Em nodded. She rose, circling around the table, sitting on its edge and clasping Gyre’s hand with both of hers. “Do you think you can do it? Put the suit on again?” Her eyes searched Gyre’s face. “You don’t have to. You never have to.”

“I can do it, to see the look on her face. Come with me.”

Em’s hands tightened again.

“Nobody else understands,” Gyre said. “Nobody else will ever know what it was like down there, not even if they watch the recordings a thousand times. If we’re apart, we’re alone. I don’t want to be alone.”

“I don’t want to hurt you again. Ever again,” Em whispered.
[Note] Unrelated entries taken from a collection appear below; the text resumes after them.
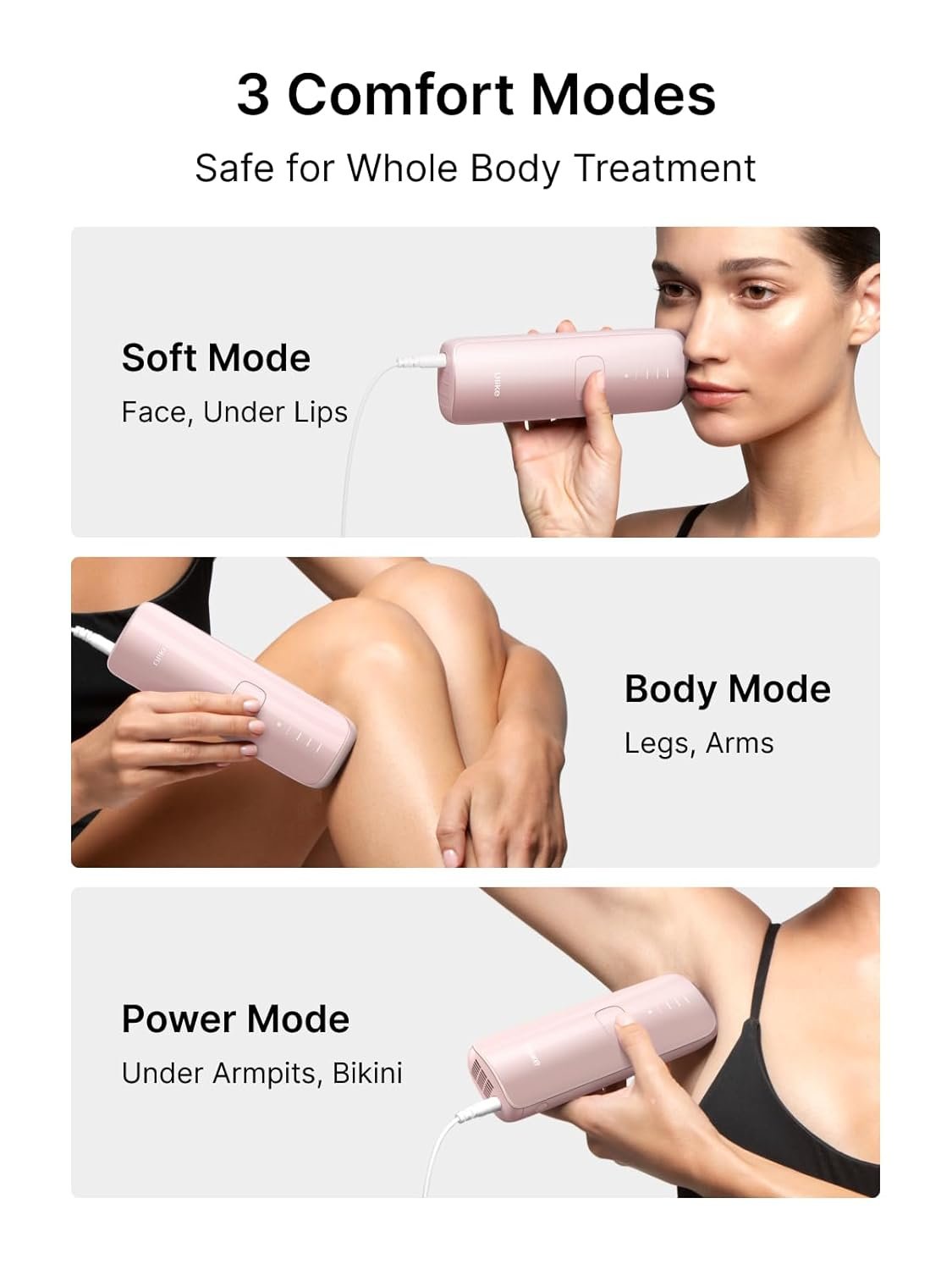 Head-to-Toe Hair Removal: This laser hair removal device can go where hair you unwanted. From legs and arms to the bikini area, it’s safe, nearly painless, and effective to use everywhere. The Auto-Glide Mode with fast flash makes full body treatments at home super quick.
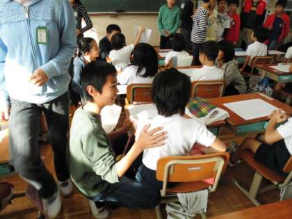 教室に入るとまずは全体にむけて学習発表会の感想を、そして自分のペアの子に感想を伝えてあげていました。
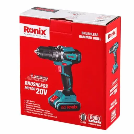 · دریل شارژی 8900 در جعبه رنگی طراحی شده توسط رونیکس عرضه میشود.
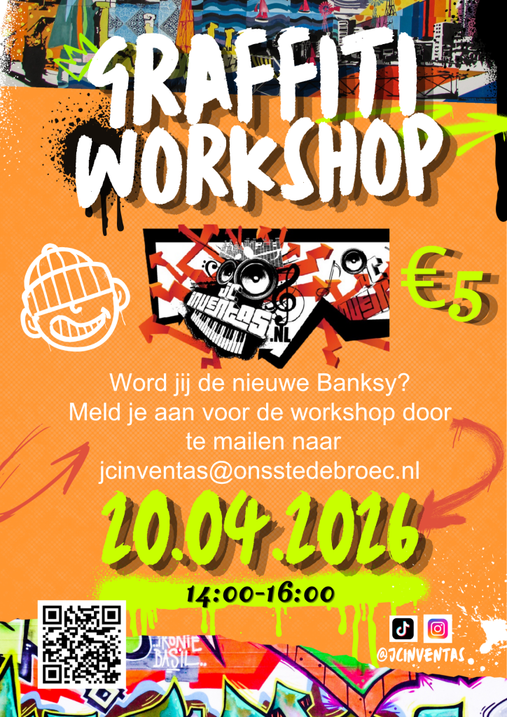 Graffiti Workshop 20 april 2026 Graffiti Workshop Word jij de nieuwe Banksy? Meld je aan voor de workshop door te mailen naar jcinventas@onsstedebroec.nl 20-4-2026, 14:00 – 16:00 uur.
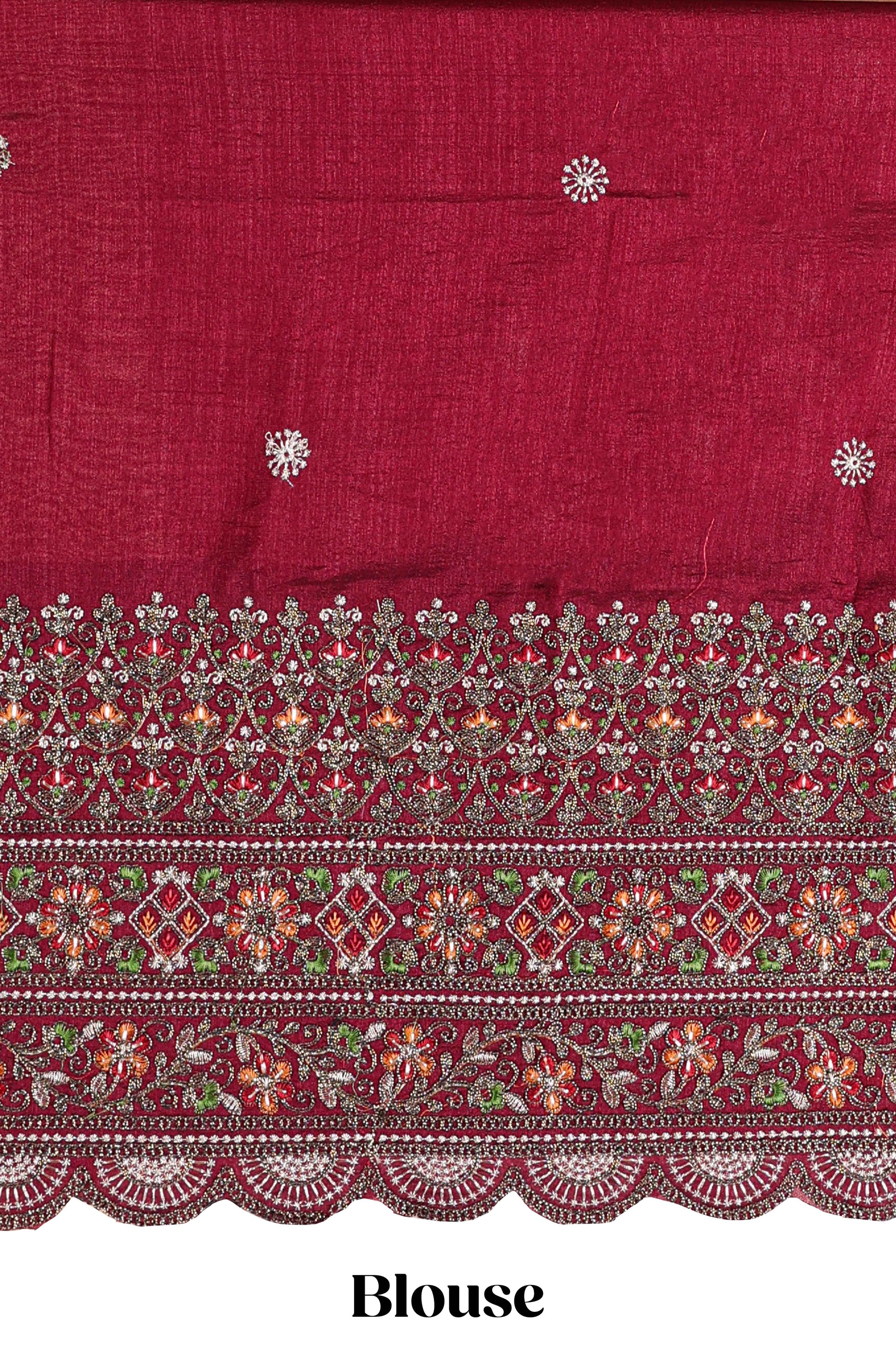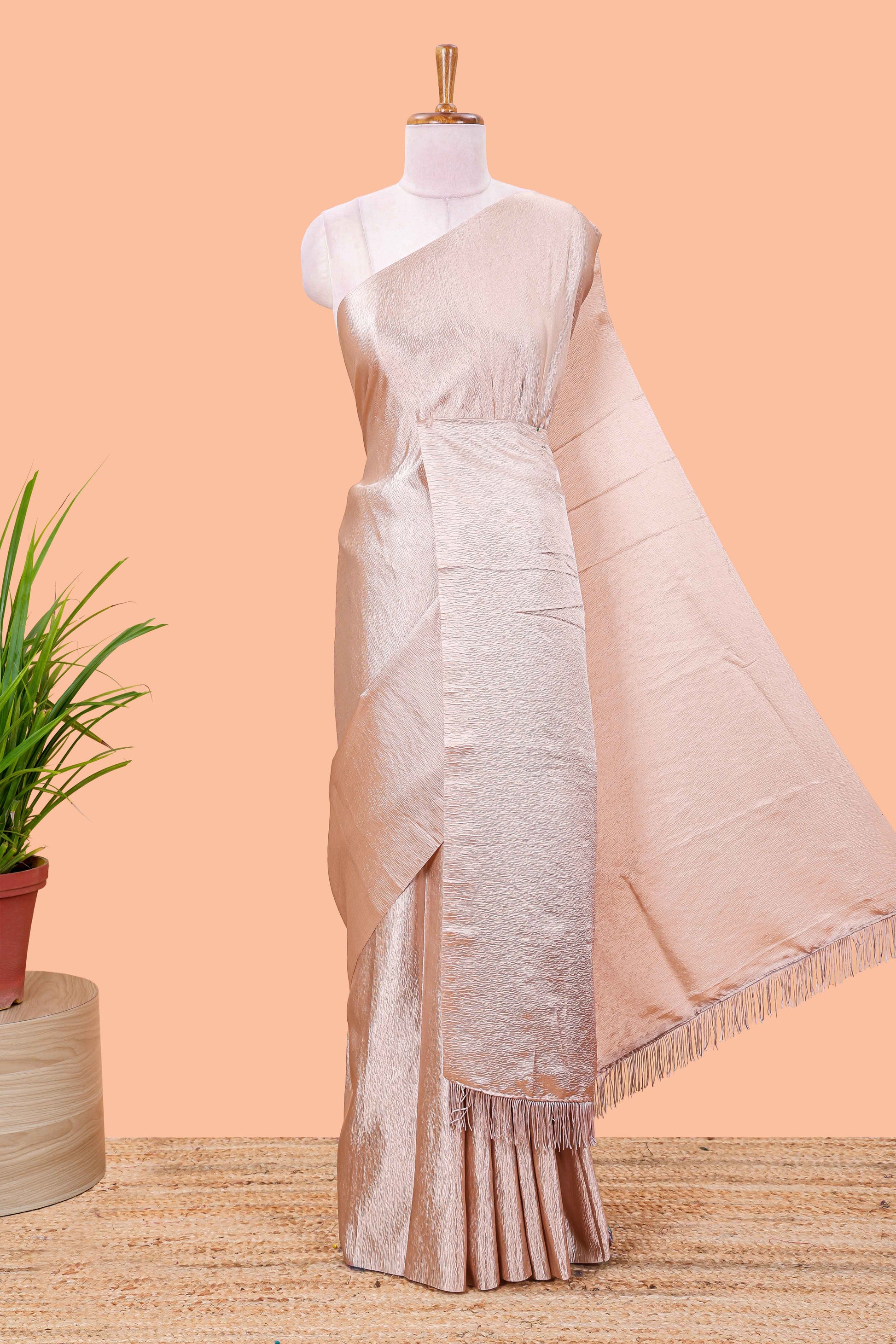 Borderless sandal crush texture satin crepe saree with contrast embroidery blouse
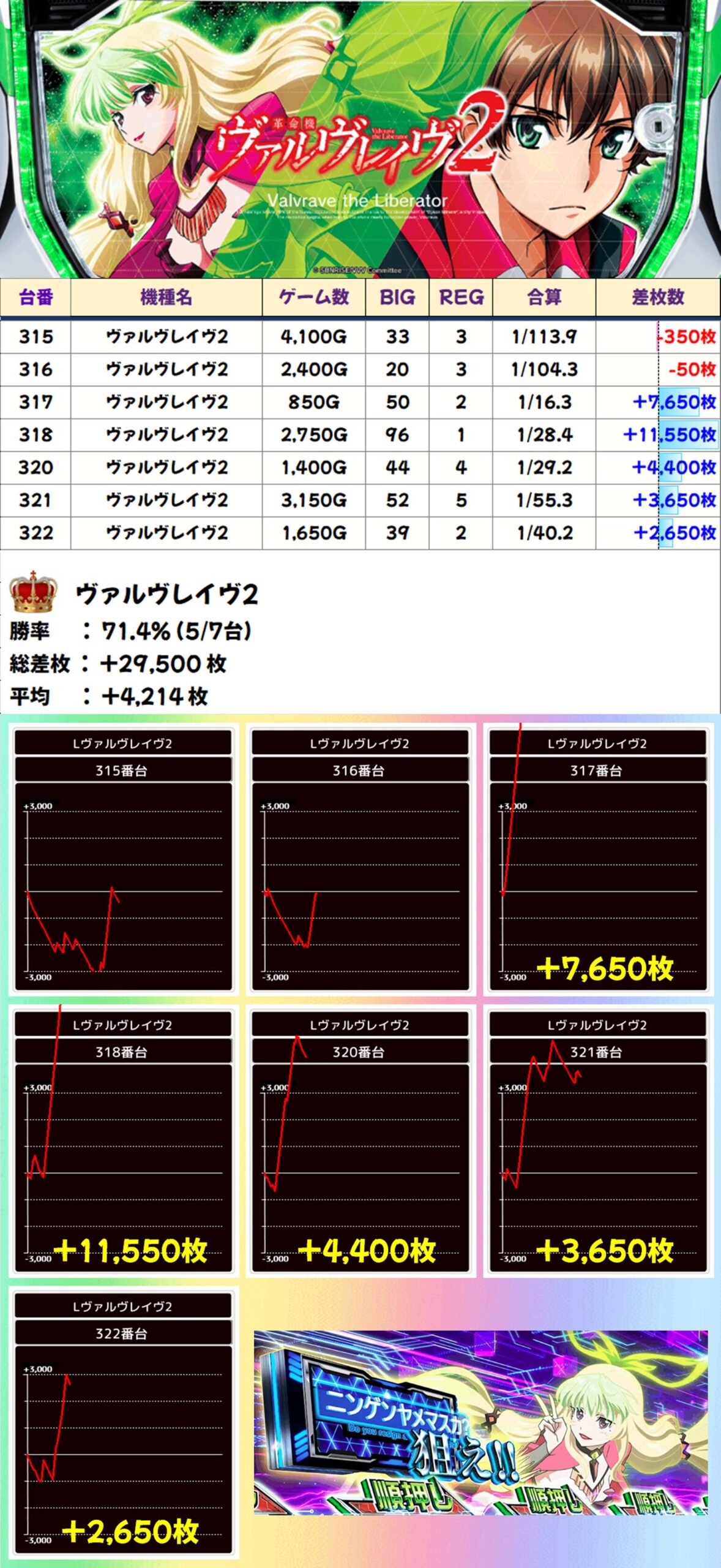 ヴァルヴレイヴ2(5/7台):平均+4,214枚
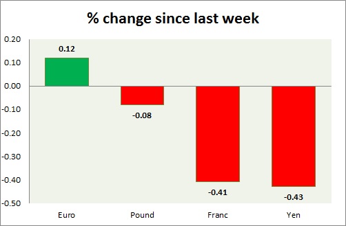 Strength meter (since last week) – Euro +0.12%, Franc -0.41%, Yen -0.43%, GBP -0.08%

“Come with me,” she repeated. She couldn’t articulate the rest of it, how Em leaving would hurt, how her staying would hurt, how there was no way either of them could ever win. But she wanted Em there, with her. She wanted to experience the pain together, to struggle together, to hate each other and need each other, maybe even to love each other when the rubble cleared. She’d thought about it every day since waking up, and so many days before. It was foolish, and dangerous, and the Gyre of two months ago would have hated her for thinking this way about the woman whose obsession had brought them to this moment.

But it was the truest thing she had left. When Gyre had been ready to follow Isolde, Em had been there to carry her back into the sun. When Em had been forced to see the full horror of everything she’d done, Gyre had seen the humanity in her. They had broken each other open down in the dark, and now that their wreckage was splayed out in the light, Gyre recognized every inch of Em, and Em knew every inch of her.

Gyre slipped her hand from Em’s, set the card aside, and reached up to cup Em’s cheek.

Em slid from the table, going down on her knees in front of Gyre. “I don’t know what I’d do without you,” she confessed. “But I can’t do it again. I can’t base my life around an obsession. I can’t follow you down into that cave, I can’t give up, I can’t—”

“I’m not asking you to give up.”

Gyre leaned down despite the pain and kissed Em, the briefest contact, sensation arcing down her spine. This was the woman who’d put her in that suit, who’d sent her down chasing ghosts knowing it would likely end in death, but who also had refused to let her die, over and over again. Em had fought for her even though death was Em’s thesis, was her conclusion, was the only thing that should have waited for Gyre. Even though the twisted rot that had destroyed so much had already destroyed the both of them, almost to the core.

Gyre could see it, though: a small fleck of humanity, surrounded by a shell of pain that was beginning to crack, beginning to give way.

And she couldn’t be certain, when she got down to that point, whether she was thinking of herself or Em. They both had two options: fester and die, or take what they were given and grow.

“I’m asking,” Gyre said, pulling back only a few centimeters and meeting Em’s gaze, “for you to try.”